I have the following model for a logistic regression where all predictors are following a ~N(0,1)
distribution:
with pm.Model(coords={"predictors":X_binary.columns.values}) as model_1:
X = pm.MutableData('X', X_train)
y = pm.MutableData('y', y_train)
constant = pm.Normal('constant', mu=-0.5, sigma=0.1)
beta = pm.Normal('beta', mu=0, sigma=1, dims="predictors")
score = pm.Deterministic('score', X@beta)
Now, for some given predictors, I would like to give them a ~N(1,0.5)
distribution.
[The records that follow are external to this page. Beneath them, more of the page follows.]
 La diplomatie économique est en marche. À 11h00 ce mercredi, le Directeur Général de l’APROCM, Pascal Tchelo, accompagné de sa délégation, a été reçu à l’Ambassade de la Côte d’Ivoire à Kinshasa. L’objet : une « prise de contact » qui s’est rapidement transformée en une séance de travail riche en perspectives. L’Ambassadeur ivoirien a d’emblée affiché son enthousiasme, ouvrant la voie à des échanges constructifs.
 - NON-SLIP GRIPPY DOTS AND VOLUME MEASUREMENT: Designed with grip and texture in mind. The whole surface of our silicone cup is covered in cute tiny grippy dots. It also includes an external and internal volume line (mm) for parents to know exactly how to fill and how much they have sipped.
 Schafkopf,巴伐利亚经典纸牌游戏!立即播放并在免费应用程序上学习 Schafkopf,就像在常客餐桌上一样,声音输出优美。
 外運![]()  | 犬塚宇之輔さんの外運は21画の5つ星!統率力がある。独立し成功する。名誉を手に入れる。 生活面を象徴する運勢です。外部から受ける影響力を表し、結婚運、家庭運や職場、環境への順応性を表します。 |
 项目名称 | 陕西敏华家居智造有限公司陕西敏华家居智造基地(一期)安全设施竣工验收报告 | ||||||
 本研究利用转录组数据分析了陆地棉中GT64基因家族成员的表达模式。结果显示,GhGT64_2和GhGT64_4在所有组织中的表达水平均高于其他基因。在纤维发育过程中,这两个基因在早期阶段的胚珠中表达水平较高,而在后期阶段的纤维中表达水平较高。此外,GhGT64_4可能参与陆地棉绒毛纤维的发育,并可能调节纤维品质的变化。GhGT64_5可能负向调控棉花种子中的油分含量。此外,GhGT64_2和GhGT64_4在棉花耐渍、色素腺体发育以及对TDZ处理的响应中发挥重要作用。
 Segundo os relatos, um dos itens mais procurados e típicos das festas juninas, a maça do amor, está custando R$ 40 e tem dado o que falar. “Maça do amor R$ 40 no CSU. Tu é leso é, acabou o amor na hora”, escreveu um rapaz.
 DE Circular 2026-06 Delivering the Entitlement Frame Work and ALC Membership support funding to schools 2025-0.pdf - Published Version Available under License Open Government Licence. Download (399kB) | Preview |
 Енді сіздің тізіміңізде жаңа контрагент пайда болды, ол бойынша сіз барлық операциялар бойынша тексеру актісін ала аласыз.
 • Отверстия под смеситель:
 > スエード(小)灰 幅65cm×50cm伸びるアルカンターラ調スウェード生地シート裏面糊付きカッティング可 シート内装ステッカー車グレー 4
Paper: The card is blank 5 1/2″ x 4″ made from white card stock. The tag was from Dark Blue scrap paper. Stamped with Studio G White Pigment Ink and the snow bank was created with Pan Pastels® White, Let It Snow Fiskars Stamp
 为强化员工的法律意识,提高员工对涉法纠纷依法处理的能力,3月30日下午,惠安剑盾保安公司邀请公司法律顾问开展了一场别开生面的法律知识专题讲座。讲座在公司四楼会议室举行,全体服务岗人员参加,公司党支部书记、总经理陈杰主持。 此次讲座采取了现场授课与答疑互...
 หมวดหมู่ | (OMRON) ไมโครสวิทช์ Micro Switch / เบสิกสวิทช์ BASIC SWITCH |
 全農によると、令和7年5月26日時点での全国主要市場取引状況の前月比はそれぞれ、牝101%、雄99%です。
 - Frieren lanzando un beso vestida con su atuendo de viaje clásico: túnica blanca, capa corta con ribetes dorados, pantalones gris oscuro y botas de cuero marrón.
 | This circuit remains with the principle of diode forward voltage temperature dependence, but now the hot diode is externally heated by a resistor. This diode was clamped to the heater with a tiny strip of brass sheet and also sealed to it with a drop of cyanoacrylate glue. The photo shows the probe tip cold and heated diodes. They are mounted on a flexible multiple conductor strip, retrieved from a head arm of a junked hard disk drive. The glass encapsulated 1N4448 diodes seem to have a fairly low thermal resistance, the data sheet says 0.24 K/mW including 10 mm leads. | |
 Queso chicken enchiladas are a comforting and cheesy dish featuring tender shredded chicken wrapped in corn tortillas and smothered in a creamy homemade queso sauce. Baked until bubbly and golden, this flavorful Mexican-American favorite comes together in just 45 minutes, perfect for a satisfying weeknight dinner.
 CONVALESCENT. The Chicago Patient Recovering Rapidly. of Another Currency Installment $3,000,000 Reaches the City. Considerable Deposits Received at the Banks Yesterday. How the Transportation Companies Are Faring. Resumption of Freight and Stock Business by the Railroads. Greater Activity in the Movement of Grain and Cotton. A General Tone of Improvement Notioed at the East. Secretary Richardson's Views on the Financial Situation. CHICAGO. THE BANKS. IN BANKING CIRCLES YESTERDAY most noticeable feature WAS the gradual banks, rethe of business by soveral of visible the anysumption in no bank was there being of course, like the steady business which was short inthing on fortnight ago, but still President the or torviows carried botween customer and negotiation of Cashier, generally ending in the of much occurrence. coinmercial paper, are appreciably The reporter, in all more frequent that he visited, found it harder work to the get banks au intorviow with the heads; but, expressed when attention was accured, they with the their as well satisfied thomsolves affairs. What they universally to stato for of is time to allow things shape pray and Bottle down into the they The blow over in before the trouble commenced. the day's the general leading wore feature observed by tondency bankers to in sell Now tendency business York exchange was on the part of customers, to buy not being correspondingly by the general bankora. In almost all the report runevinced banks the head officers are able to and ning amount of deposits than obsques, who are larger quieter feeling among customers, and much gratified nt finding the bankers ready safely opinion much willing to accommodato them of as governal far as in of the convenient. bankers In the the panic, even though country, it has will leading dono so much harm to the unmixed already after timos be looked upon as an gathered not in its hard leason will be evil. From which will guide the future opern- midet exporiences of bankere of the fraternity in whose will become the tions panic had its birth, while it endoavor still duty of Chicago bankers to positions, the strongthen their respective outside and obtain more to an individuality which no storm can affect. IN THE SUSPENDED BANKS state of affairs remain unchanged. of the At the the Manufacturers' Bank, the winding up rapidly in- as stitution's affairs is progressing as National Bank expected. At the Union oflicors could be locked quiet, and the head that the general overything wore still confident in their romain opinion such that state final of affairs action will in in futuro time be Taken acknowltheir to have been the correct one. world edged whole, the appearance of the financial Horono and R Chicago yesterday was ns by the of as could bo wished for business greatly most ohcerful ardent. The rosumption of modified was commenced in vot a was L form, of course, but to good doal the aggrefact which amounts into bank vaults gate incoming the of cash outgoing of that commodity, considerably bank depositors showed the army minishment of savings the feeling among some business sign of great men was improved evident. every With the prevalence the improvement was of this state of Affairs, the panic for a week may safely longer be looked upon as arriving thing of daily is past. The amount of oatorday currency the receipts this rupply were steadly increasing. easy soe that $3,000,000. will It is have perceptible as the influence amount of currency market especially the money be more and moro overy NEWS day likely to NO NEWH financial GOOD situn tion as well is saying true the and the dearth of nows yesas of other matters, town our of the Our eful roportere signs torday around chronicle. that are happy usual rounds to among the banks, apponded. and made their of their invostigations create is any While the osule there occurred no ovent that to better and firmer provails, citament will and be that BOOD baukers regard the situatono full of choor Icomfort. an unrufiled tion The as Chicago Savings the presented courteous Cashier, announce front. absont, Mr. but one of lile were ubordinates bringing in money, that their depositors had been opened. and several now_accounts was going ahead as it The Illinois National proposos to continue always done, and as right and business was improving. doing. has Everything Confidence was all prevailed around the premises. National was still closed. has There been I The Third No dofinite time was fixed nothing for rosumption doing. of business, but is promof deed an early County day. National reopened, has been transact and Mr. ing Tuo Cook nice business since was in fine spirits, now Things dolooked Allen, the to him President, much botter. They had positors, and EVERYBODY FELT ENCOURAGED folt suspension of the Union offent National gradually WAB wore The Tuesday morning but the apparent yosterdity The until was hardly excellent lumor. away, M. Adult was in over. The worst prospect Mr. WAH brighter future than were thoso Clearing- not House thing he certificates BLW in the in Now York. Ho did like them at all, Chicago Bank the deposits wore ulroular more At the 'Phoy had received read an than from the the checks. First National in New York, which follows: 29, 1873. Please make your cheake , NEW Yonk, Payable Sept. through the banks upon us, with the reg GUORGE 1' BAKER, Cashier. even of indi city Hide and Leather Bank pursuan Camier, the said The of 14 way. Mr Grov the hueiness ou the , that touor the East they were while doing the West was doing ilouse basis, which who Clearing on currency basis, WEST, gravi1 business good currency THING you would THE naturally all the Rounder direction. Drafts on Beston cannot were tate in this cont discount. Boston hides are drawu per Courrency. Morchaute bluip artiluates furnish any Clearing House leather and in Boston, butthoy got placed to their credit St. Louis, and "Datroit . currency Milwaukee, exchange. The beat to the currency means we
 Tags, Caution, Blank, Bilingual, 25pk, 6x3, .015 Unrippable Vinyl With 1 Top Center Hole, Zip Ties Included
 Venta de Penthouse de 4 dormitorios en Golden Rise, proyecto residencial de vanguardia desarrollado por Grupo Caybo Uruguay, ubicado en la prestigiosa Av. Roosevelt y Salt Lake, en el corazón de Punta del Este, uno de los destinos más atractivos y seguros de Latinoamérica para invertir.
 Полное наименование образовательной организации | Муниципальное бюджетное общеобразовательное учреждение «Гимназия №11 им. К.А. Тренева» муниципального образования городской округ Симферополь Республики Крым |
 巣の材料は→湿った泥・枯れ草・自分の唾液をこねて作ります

I tried the following:
list_of_bad = ['remove-update', 'invoke-ssidexfil','-payload']
list_of_normal = [pred for pred in X_binary.columns.values
if pred not in list_of_bad]
with pm.Model(coords={"normal_pred":list_of_normal, "bad_pred":list_of_bad}) as model_2:
X = pm.MutableData('X', X_train)
y = pm.MutableData('y', y_train)
constant = pm.Normal('constant', mu=-0.5, sigma=0.1)
beta_normal = pm.Normal('beta_normal', mu=0, sigma=1, dims='normal_pred')
beta_bad = pm.Normal('beta_bad', mu=1, sigma=0.5, dims='bad_pred')
beta = pm.math.concatenate([beta_normal,beta_bad])
score = pm.Deterministic('score', X@beta)
But that didn’t seem to work, I get a wacky result. It could be because concatenating will change the order of my features and they won’t coincide with the order in X
anymore…? But I’m not sure…
Thanks in advance!